We've provided an example input file at `experiments/AIDO.StructureTokenizer/protein2structoken_example_input.csv` that you can use to test the structure prediction model. You can run the following command to predict the structure tokens from the amino acid sequences in the input file:
```bash
mgen predict --config experiments/AIDO.StructureTokenizer/protein2structoken_16b.yaml \
    --data.init_args.path=experiments/AIDO.StructureTokenizer/ \
    --data.init_args.test_split_files=[protein2structoken_example_input.csv]
```

#### Decoding Predicted Structure Tokens
We need to decode the predicted structure tokens into protein structures using the decoder.
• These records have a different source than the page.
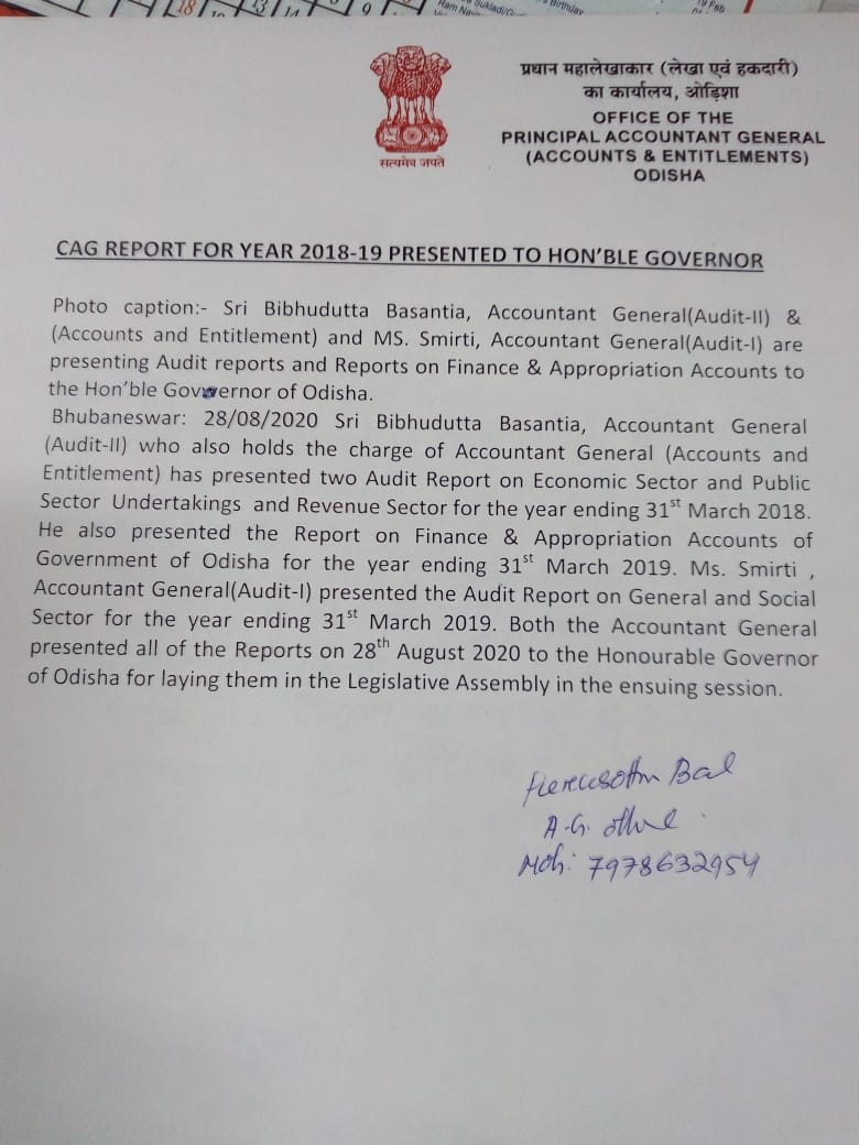 ଆଗାମୀ ବିଧାନ ସଭାରେ ଉପସ୍ଥାପିତ ହେବାକୁ ଥିବା CAG ରିପୋର୍ଟ ଓ ରାଜ୍ୟର ଆର୍ଥିକ ସ୍ଥିିତିର ଲେଖା ପରୀକ୍ଷା ଓ ବିବରଣୀ ରାଜ୍ୟପାଳ ପ୍ରଫେସର ଶ୍ରୀ ଗଣେଷୀ ଲାଲଙ୍କୁ ପ୍ରଦାନ କରିଛନ୍ତି ରାଜ୍ୟ ମହାଲେଖାକାର ବିଭୂଦତ୍ତ ବସ୍ତିଆ । ଅଡିଟ୍ ୨ ଓ ମହାଲେଖାକାର ୨୦୧୭ – ୧୮ ଆର୍ଥିକ ବର୍ଷର ଆର୍ଥିକ କ୍ଷେତ୍ର ଓ ସରକାରୀ ଉଦ୍ୟୋଗ କ୍ଷେତ୍ରରେ ସିଏଜି ରିପୋର୍ଟ ସହ ୨୦୧୮-୧୯ ବର୍ଷର ରାଜ୍ୟର ଆର୍ଥିକ ସ୍ଥିତି ବୀବରଣି ପ୍ରଦାନ କରାଯାଇଥିବା ବେଳେ ମହାଲେଖାକାର ସୁଶ୍ରୀ ସ୍ମ୍ରିତି ୧୭-୧୮ ବର୍ଷର ସାଧାରଣ ଓ ସାମାଜିକ କ୍ଷେତ୍ରର ପରୀକ୍ଷା ଲେଖା ସିଏଜି ରିପୋର୍ଟ ସହ ରାଜ୍ୟର ଆର୍ଥିକ ସ୍ଥିତି ରିପୋର୍ଟ ପ୍ରଦାନ କରିଛନ୍ତି ।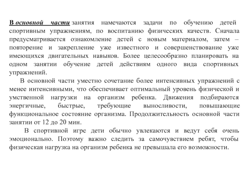 Слайд 19В основной части занятия намечаются задачи по обучению детей спортивным упражнениям, по воспитанию
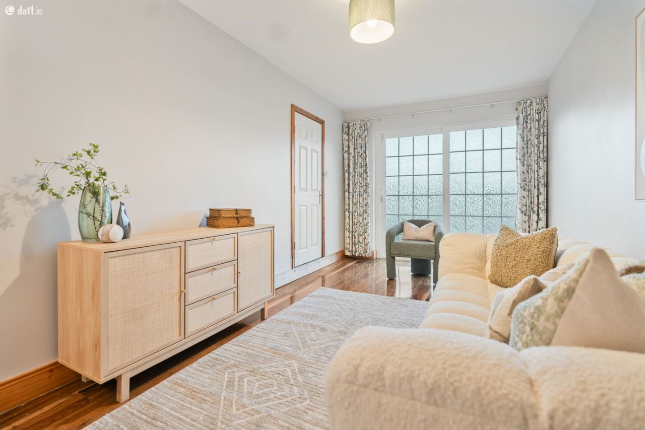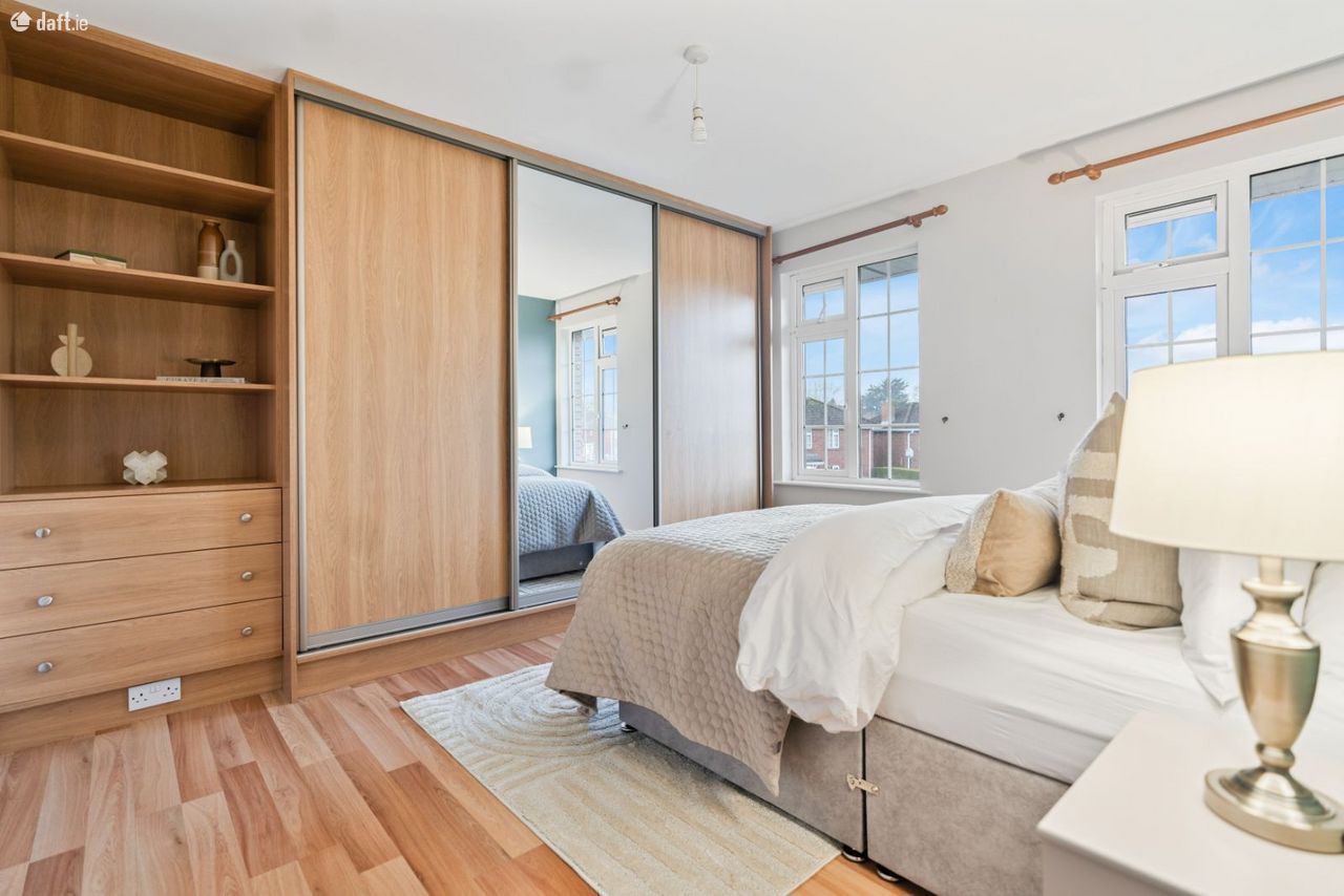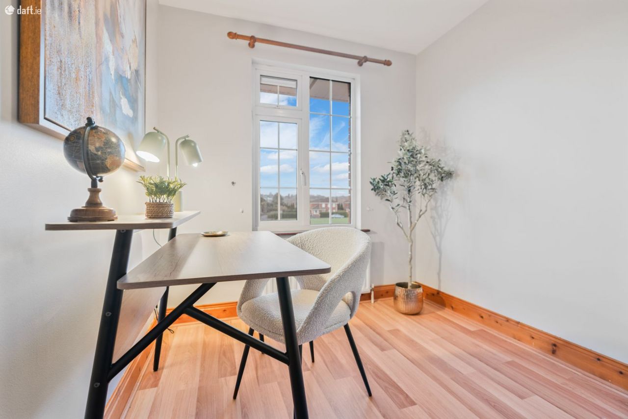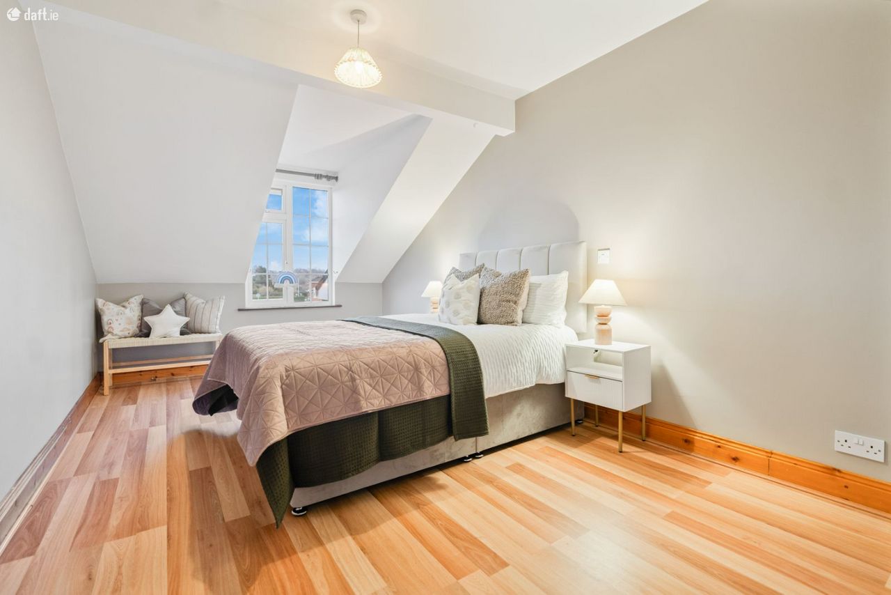Upstairs, there are four generously proportioned double bedrooms, along with a fifth smaller bedroom ideal for use as a home office or study. The master bedroom features a full wall of sliding wardrobes and an en-suite shower room. A hot press and a well-appointed family bathroom, complete with bath and electric shower, complete the first-floor accommodation. The rear-facing rooms benefit from sunshine from early morning through to late afternoon, while the front rooms enjoy late afternoon and evening sun.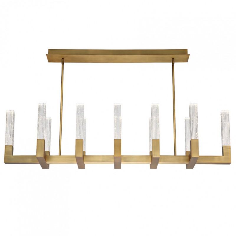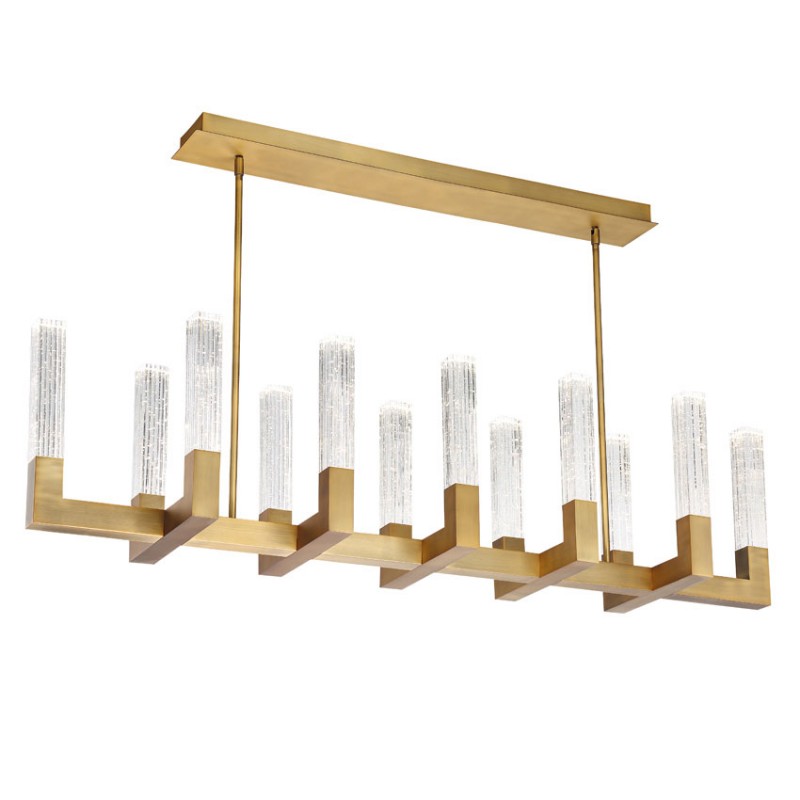 In a luxe Aged Brass or Black finish, the Cinema Linear Chandelier makes a modern statement while seeded Crystal adds understated glamour. The Cinema creates a matching lighting environment that can pull multiple rooms together. Damp location rated. ETL and Title 24 listed.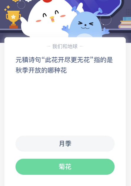 元稹诗句“此花开尽更无花”指的是秋季开放的哪种花?这是10月7日蚂蚁庄园的最新问题,那么正确答案是什么呢?各位小伙伴请接着往下看。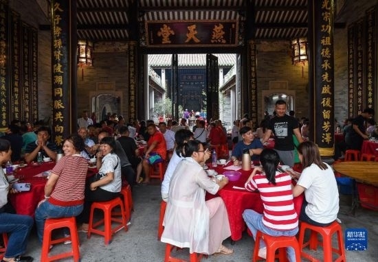 6月15日,2023年車陂龍舟競渡第一名“范陽簡”龍船會在簡氏家祠里擺下幾十桌龍船飯慶祝。
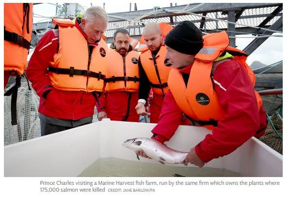 Prince Charles, the patron of the Atlantic Salmon Trust, would be there at the launch but I think he's busy having lunch with Marine Harvest at one of their lice-infested salmon farms on the West coast of Scotland.

If you run the above configurations without changing the output path, you could follow the below commands to decode the predicted structure tokens.

``` bash
# 2. convert the predicted structures in tsv into one pt file
python experiments/AIDO.StructureTokenizer/struct_token_format_conversion.py logs/protein2structoken_16b/predict_predictions.tsv logs/protein2structoken_16b/predict_predictions.pt

# 3. extract the codebook of the structure tokenizer
# the output is logs/protein2structoken_16b/codebook.pt
python experiments/AIDO.StructureTokenizer/extract_structure_tokenizer_codebook.py --output_path logs/protein2structoken_16b/codebook.pt

# 4. run the decode model to convert the structure tokens into pdb files
# currently this script doesn't support multi-gpu, so only use one gpu
# the command line overrides the name, input structure tokens, and codebook path
# the output is logs/protein2structoken_16b/predict_predictions.pdb
CUDA_VISIBLE_DEVICES=0 mgen predict --config experiments/AIDO.StructureTokenizer/decode.yaml \
 --data.init_args.config.struct_tokens_datasets_configs.name=protein2structoken_16b \
 --data.init_args.config.struct_tokens_datasets_configs.struct_tokens_path=logs/protein2structoken_16b/predict_predictions.pt \
 --data.init_args.config.struct_tokens_datasets_configs.codebook_path=logs/protein2structoken_16b/codebook.pt
```

Here is an example visualization of `logs/protstruct_decode/protein2structoken_16b_pdb_files/cameo:0__output.pdb`.
![CAMEO:0](../../docs/docs/assets/images/structure_tokenizer//cameo_0.png)

**Notes:**
- While the language model part (amino acid sequence to structure tokens) is relatively fast and support multi-GPU, the decoding part (structure tokens to protein structures) is slower and currently only supports single GPU inference due to the file saving mechanism. We plan to support multi-GPU inference in the future.
- For CASP14, CASP15, and CAMEO datasets, you could find the corresponding ground truth structures in `genbio-ai/casp14-casp15-cameo-test-proteins`. You could use `huggingface-cli download genbio-ai/casp14-casp15-cameo-test-proteins --repo-type dataset --local-dir ./data/casp14-casp15-cameo-test-proteins/` to download the dataset.
- The TSV format doesn't support specifying the residue index in TSV format. Specifying the residue index will make the prediction more accurate.